## WORK TO COMPLETE
Further down are entries; set down exactly and only the lines from the one with "Кухня-гостиная позволяет комфортно" up to and including the one with "截至2月末,三大運營商的固定", dropping each picture.

## AVAILABLE DATA
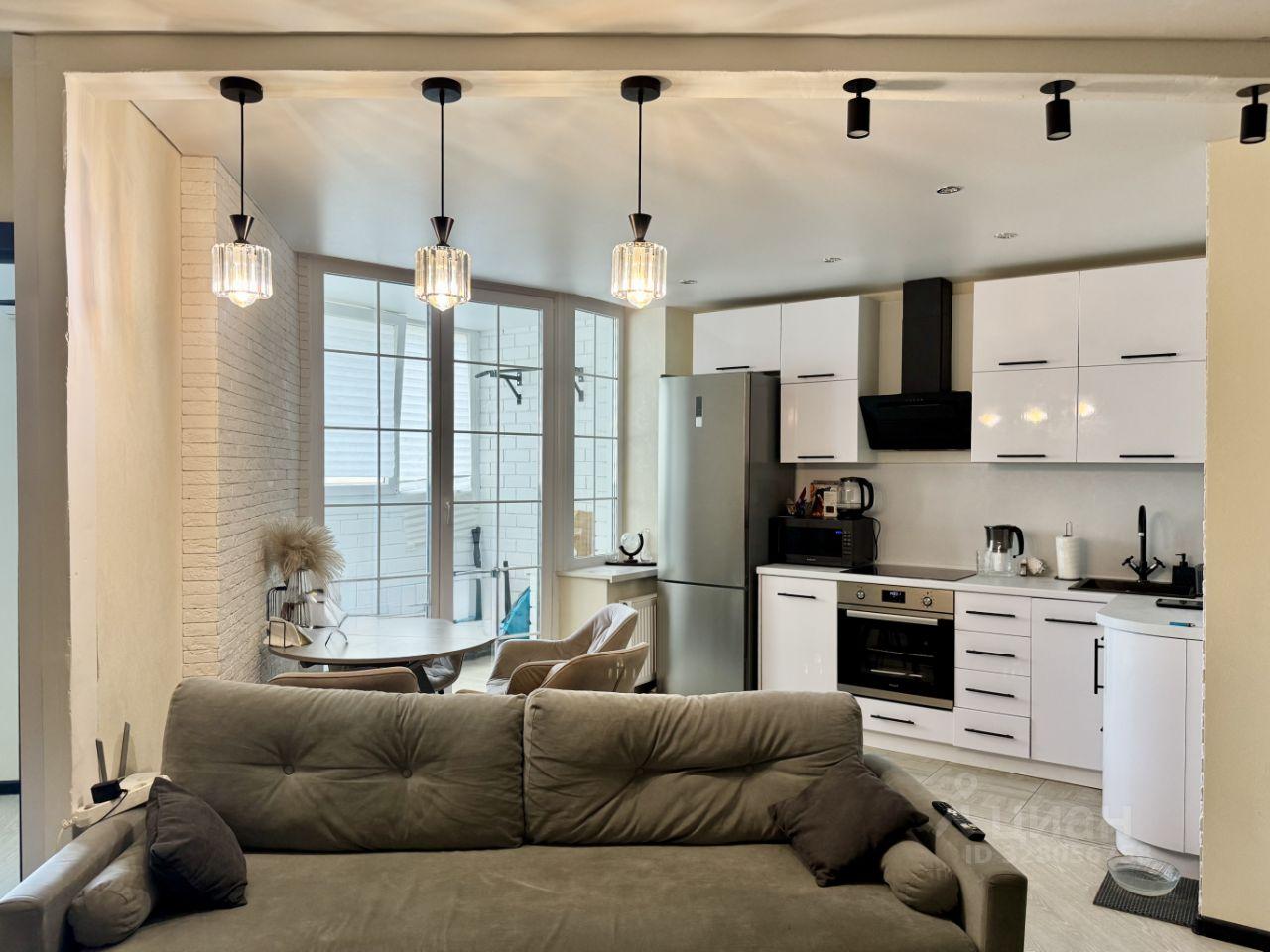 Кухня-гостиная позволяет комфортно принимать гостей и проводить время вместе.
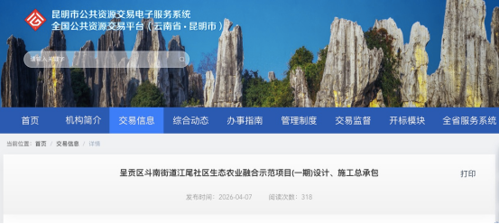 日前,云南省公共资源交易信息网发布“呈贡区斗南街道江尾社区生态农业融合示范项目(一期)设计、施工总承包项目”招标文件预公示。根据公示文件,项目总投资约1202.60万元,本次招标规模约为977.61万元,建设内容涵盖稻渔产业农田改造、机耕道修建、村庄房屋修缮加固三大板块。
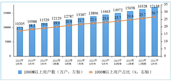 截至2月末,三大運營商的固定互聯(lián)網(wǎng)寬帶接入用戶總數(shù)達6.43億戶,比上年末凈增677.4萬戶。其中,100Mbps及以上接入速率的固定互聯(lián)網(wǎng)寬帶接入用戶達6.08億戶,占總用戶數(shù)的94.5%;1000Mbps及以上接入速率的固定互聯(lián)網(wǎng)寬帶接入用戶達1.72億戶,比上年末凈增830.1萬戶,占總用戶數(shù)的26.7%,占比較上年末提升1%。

* * *

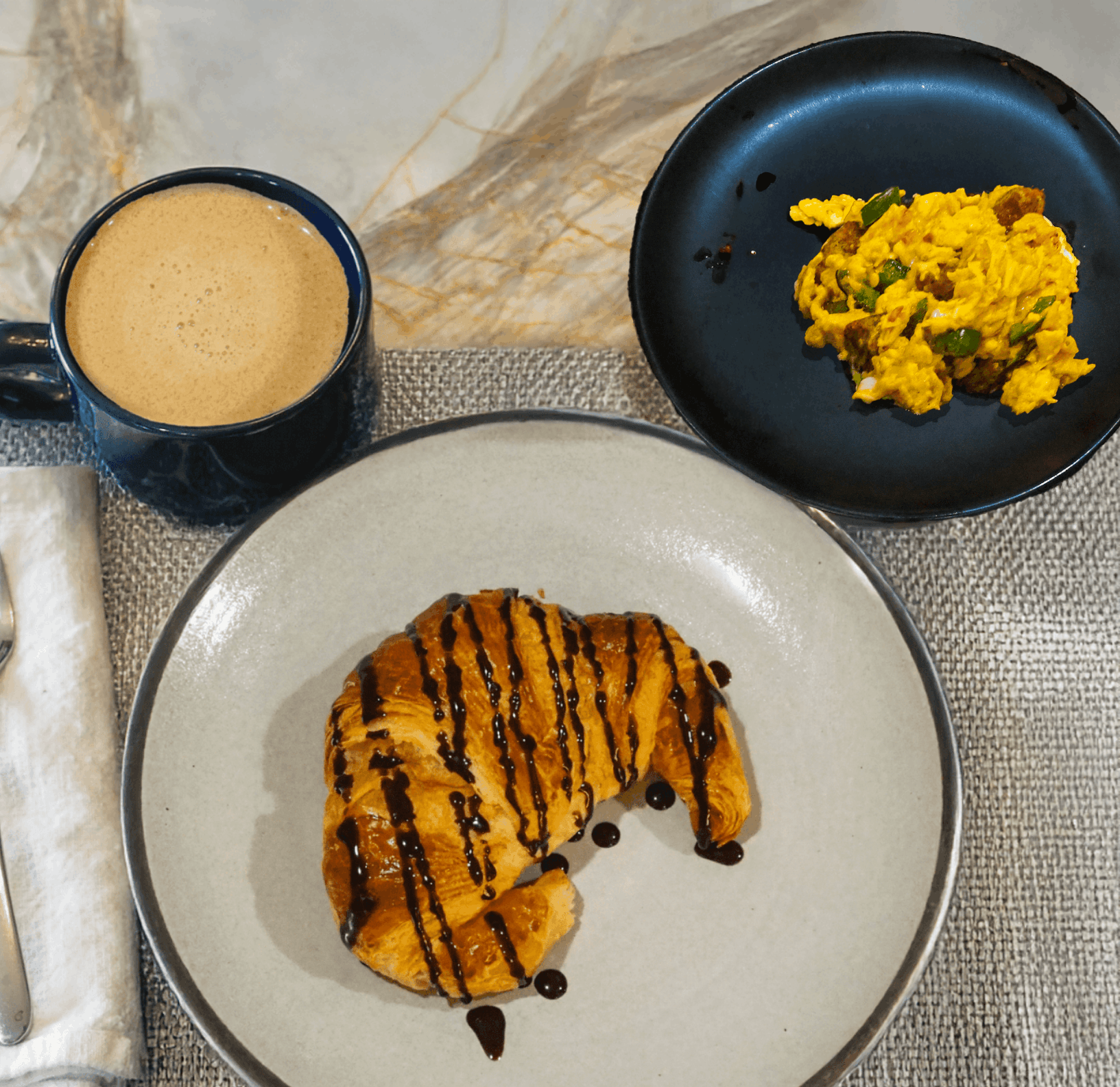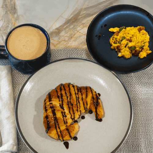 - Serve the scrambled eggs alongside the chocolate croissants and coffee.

## ANSWER SECTION
 Кухня-гостиная позволяет комфортно принимать гостей и проводить время вместе.
 日前,云南省公共资源交易信息网发布“呈贡区斗南街道江尾社区生态农业融合示范项目(一期)设计、施工总承包项目”招标文件预公示。根据公示文件,项目总投资约1202.60万元,本次招标规模约为977.61万元,建设内容涵盖稻渔产业农田改造、机耕道修建、村庄房屋修缮加固三大板块。
 截至2月末,三大運營商的固定互聯(lián)網(wǎng)寬帶接入用戶總數(shù)達6.43億戶,比上年末凈增677.4萬戶。其中,100Mbps及以上接入速率的固定互聯(lián)網(wǎng)寬帶接入用戶達6.08億戶,占總用戶數(shù)的94.5%;1000Mbps及以上接入速率的固定互聯(lián)網(wǎng)寬帶接入用戶達1.72億戶,比上年末凈增830.1萬戶,占總用戶數(shù)的26.7%,占比較上年末提升1%。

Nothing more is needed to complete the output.